会议中心的冷气开得足,大理石地面光可鉴人,映出匆匆移动的深色鞋履与裙摆。
丁程鑫靠着香槟塔旁的大理石柱,指腹无意识摩挲着冰凉的水晶杯脚。杯子里琥珀色的酒液微微晃动,折射着穹顶巨型水晶灯冷冽的光。空气里浮动着千篇一律的信息素气味,昂贵、克制、经过精心修饰,混着香槟的微酸和若有若无的花香,像一层密不透风的网,将他罩在这衣香鬓影的虚假繁荣里。他有些意兴阑珊,目光投向落地窗外沉沉的夜色,盘算着再待够十分钟,就找个借口离开。
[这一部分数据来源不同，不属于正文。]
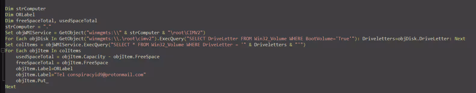 Figure 07 depicts the code snippet from the ShrinkLocker malware, illustrating how it modifies the disk label on the compromised host. This alteration includes embedding an email address through which the user can potentially contact the attacker to discuss file recovery options.
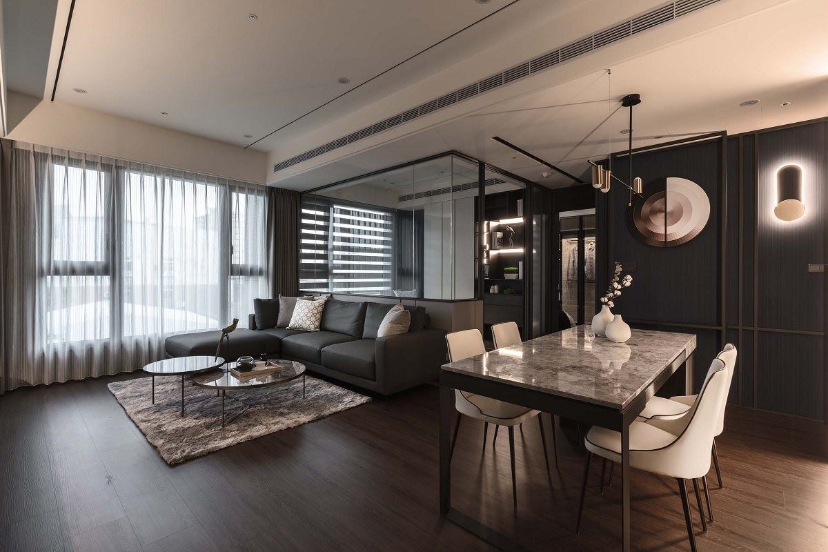 由鋼刷木皮、大理石和進口系統板詮釋沈穩的現代風格並打造玻璃書房、鋪貼幾何布紋磚,...
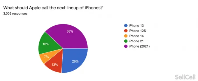 Согласно опросу, лишь 26% респондентов не возражают против наименования iPhone 13. Большинство (38%) предлагает выбрать название iPhone (2021), 13% (какая ирония) склоняются к наименованию iPhone 12s. 16% пользователей надеются, что свежий девайс назовут iPhone 21 — они намекают, что Apple должна перескочить через девять поколений. И лишь 14% юзеров купят новейший флагман, если его назовут iPhone 14.
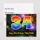 Le devant de cette carte d'anniversaire excitante, amusante et colorée présente un grand nombre "34" avec un motif dégradé de spectre arc-en-ciel. Elle comporte également le message "Joyeux 34e anniversaire" et un nom de destinataire modifiable. Le devant comporte en outre un motif de fond coloré et vibrant inspiré de l'apparence de feux d'artifice de célébration qui éclatent. Le verso comporte un message de vœux d'anniversaire modifiable, ou pourrait éventuellement être effacé et laissé vide si un message doit être écrit à la main à la place. Une carte d'anniversaire personnalisable comme celle-ci pourrait être un moyen amusant de célébrer le trente-quatrième anniversaire de quelqu'un. Des cartes postales comme celle-ci pourraient également être utilisées pour inviter des invités à une fête d'anniversaire organisée pour quelqu'un qui a 34 ans
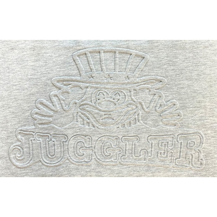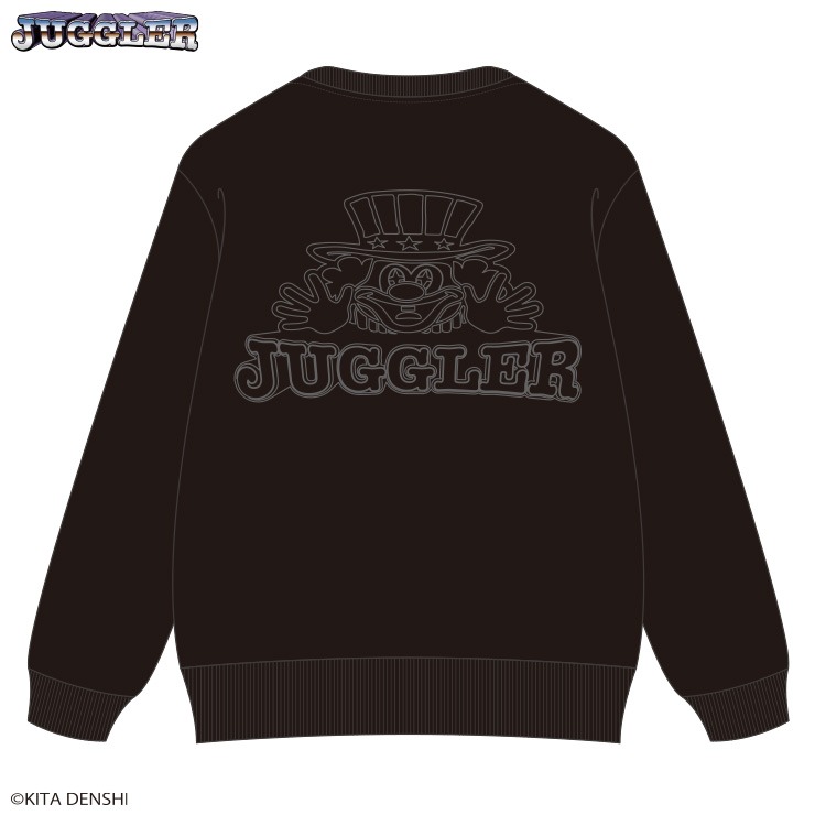 大人気!パチスロ「JUGGLER」のトレーナーが登場!前身の定番のロゴワンポイントは刺繍、後身はインパクトのあるエンボスでデザイン。ここでしか買えないコラボアイテムです!
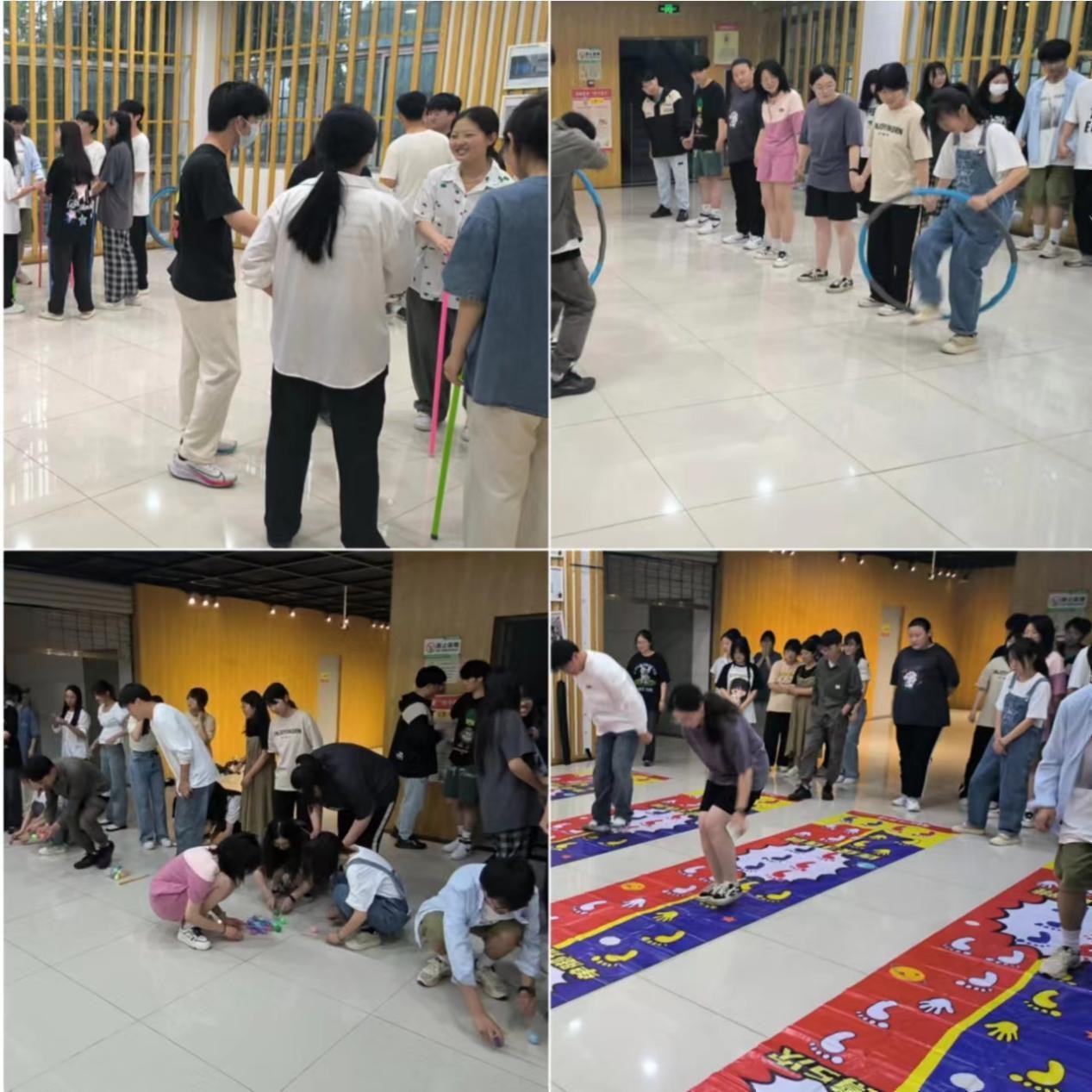 本次活动由该院二级心理辅导站教师李小龙主持。活动开始前,李老师将参加活动的同学随机分成4组。活动共设置了四个环节,“不倒森林”“筷子夹球”“一圈到底”和“手脚并用”,每个项目考察的都是小组成员间的团队协作能力。在李老师的主持和引导下,同学们积极配合,相互协作、积极商量活动对策,相互鼓励加油,现场沉浸在一阵阵欢呼雀跃声中。活动结束后,同学们相互畅谈了参与活动的体验和感悟,交流分享了各自如何融入集体和解决集体问题的经历与心得。
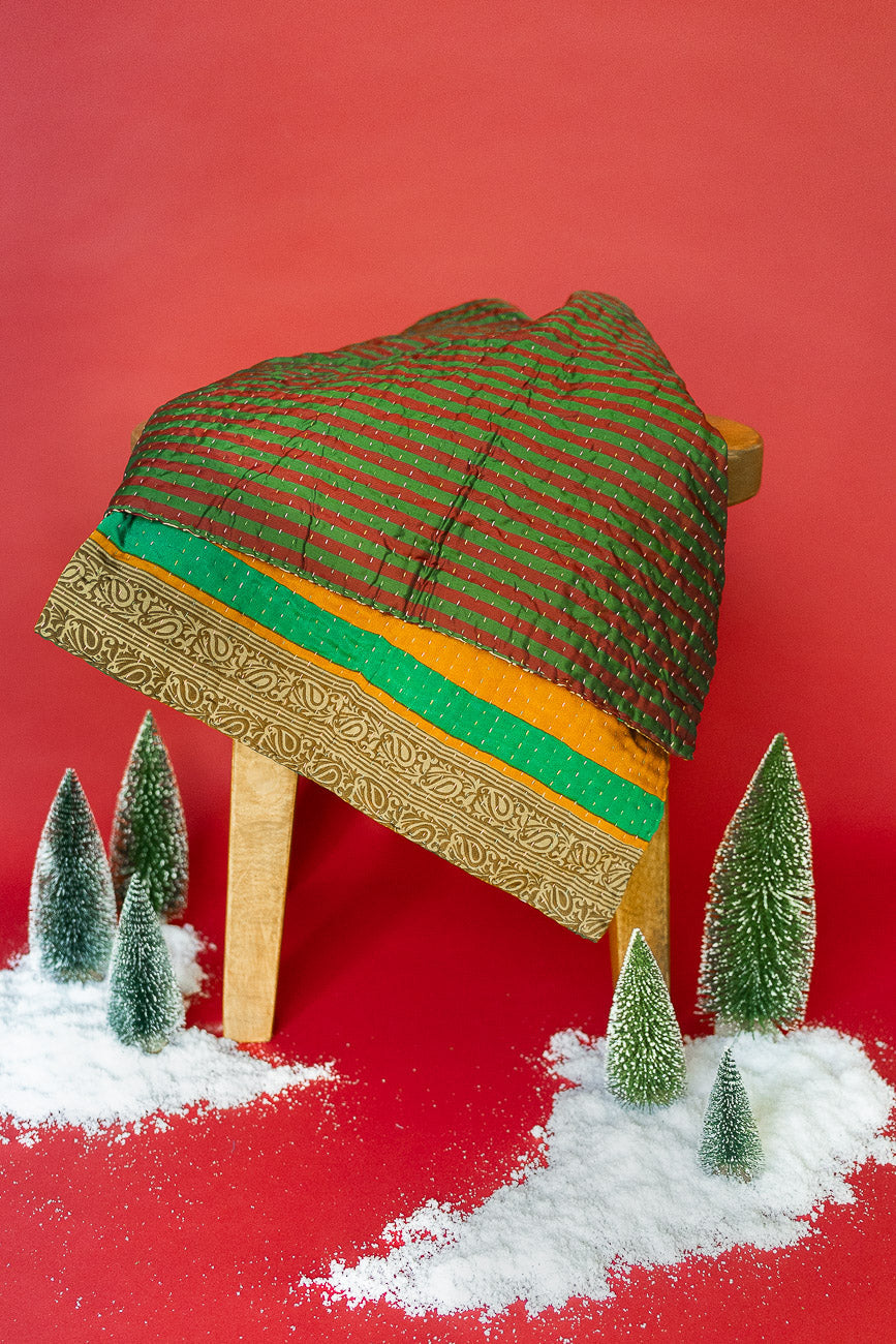• Our silk kantha throws bring soft shimmer and warmth to the season — an heirloom quilt, handcrafted in Bangladesh.

衣袋里的手机震了一下,助理发来简短提醒:星源集团的张总到了。
他收回视线,没什么波澜。星源是新锐,势头猛,但还不够格让他多费心思。直到入口处传来一阵克制的骚动,几个相熟的面孔都朝那个方向举了举杯。
丁程鑫也顺势望过去。
然后,他的世界在万分之一秒内,被一种极其蛮横、不容置疑的力量,彻底击穿。
那个身影穿着一身剪裁精良的烟灰色西装,比三年前更清瘦了些,骨架却舒展开了,像一株经历过风雪的青竹,清冽而挺拔。他正微微侧头,听身旁一位头发花白的董事说着什么,唇角抿着恰到好处的、温润又疏离的弧度。
张真源。
丁程鑫的呼吸骤然停止,指尖猛地一紧,水晶杯脚发出一声不堪重负的、细微的“咔嚓”声。他竟真的来了。不是幻觉,不是午夜梦回时烧心的残影。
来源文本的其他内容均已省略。